The Encyclopedia Astronautica is a reference web site on space travel. The encyclopedia includes 79,433 articles with 13,741 illustrations, a comprehensive catalog of missiles, spacecraft, space technology, astronauts, and spaceflight from most countries that have had an active rocket research program. It provides biographies of important pioneers of spaceflight such as Konstantin Tsiolkovsky, Hermann Oberth, and Robert Goddard. It outlines various concepts of space stations including the NASA Space Shuttle and the Soviet Buran programme.

== Articles ==
In addition, the encyclopedia contains many comprehensive review articles on specific space topics, among them:
- Germany incl. an extensive list of German missile specialists who worked for USA, USSR and France after World War II.
- Russia - Early Ballistic Missiles with a history of the involvement of German rocket specialists in Soviet rocketry.
- Russia: The Real Moon Landing Hoax about the Space Race.
- Russia: What did the CIA know and when did they know it? with an overview of the CIA's knowledge and assessments of Soviet missile technology.
- Historical data of space travel for each calendar day.

Since 2019, the site is no longer updated or maintained. Although it contains a great deal of information, not all of it is correct.

==History==
Founded in 1994 and maintained for most of its existence by space enthusiast and author Mark Wade. He has been collecting such information for most of his life. Between 1996 and 2000 the site was hosted by Friends and Partners in Space.

==Reception and accolades==
The American Astronautical Society gave the site the Ordway Award for Sustained Excellence in Spaceflight History, which "recognizes exceptional, sustained efforts to inform and educate on spaceflight and its history through one or more media", in 2015, the award's initial year. The award is named for U.S. space engineer and author Frederick I. Ordway III (1927–2014).

Telepolis journalist Marcus Hammerschmitt warmly recommended the Encyclopedia Astronautic to anyone interested in space flight, and speculated that its articles might become valued material for future researcher of cultural history.

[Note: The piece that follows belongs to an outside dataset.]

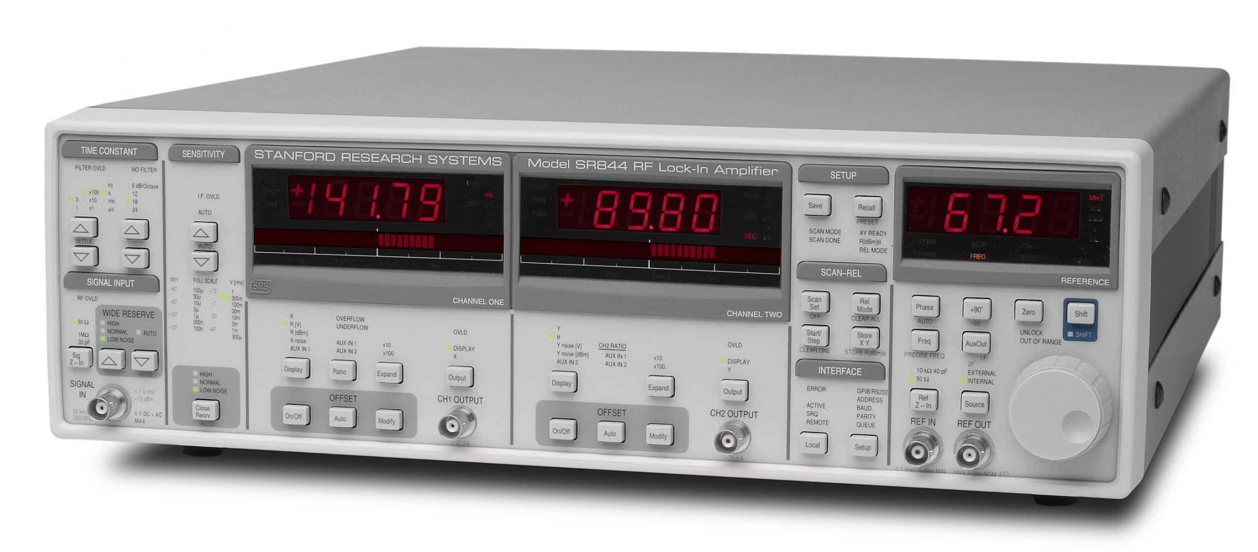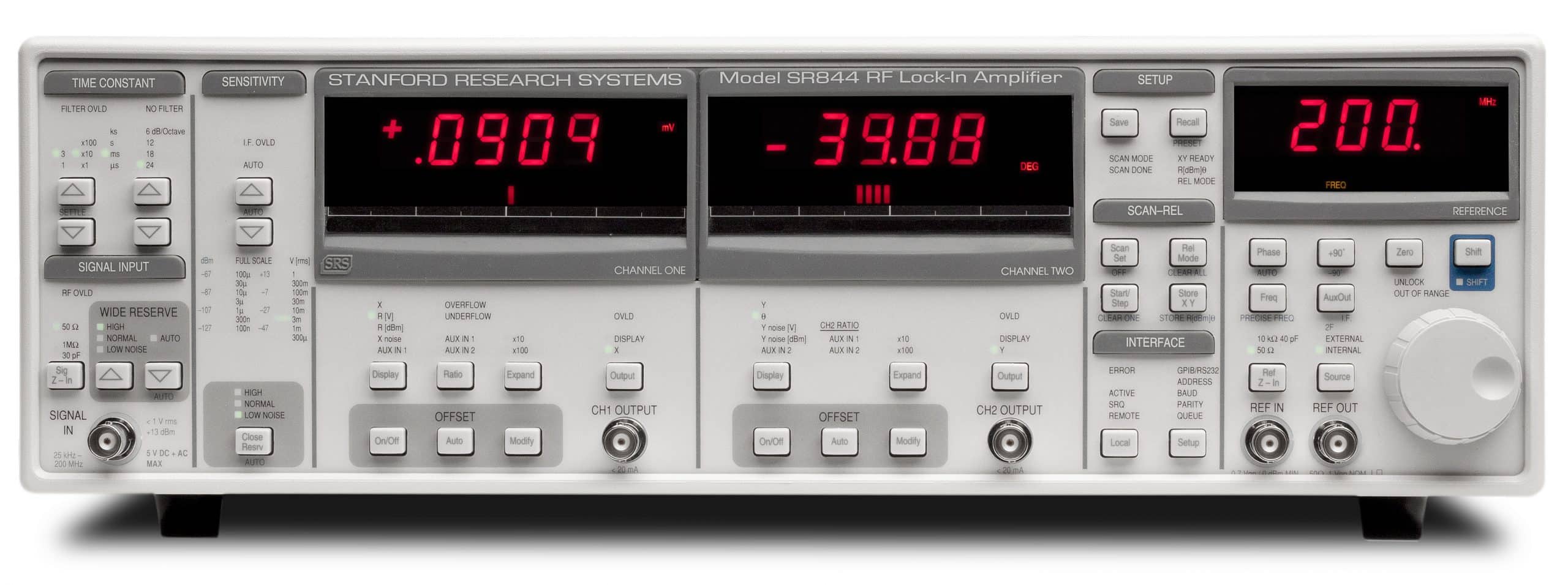 Der SR844 bietet eine gleichzeitige Anzeige von Real- und Imaginärteil, bzw. von Betrag und Phase des Messsignals. Der eingebaute Oszillator kann als Trigger oder anderweitige Anregung verwendet werden. Durch Auto-gain, -sensitivity, -offset, -ranging und -threshold wird eine komfortable Bedienung ermöglicht. Die digitale Signalverarbeitung entfernt herkömmliche Fehlerquellen wie DC-Offsets, Temperaturdriften und Verstärkungsfehler. Eingebaute digitale Filter erlauben hochgenaue Amplitudenmessungen.

In 2006, the American space historian Stephen B. Johnson stated that Encyplopedia Astronautica "has become a popular Internet source for space history. Unfortunately, while it contains a great deal of information, not all of it is correct. Space historians have noticed a variety of factual problems, and unfortunately these problems have not been consistently repaired. Since this is not a peer-reviewed source and historical errors have not always been fixed, this cannot be considered a reliable source, despite its impressive appearance. Many other online sources have the same problem."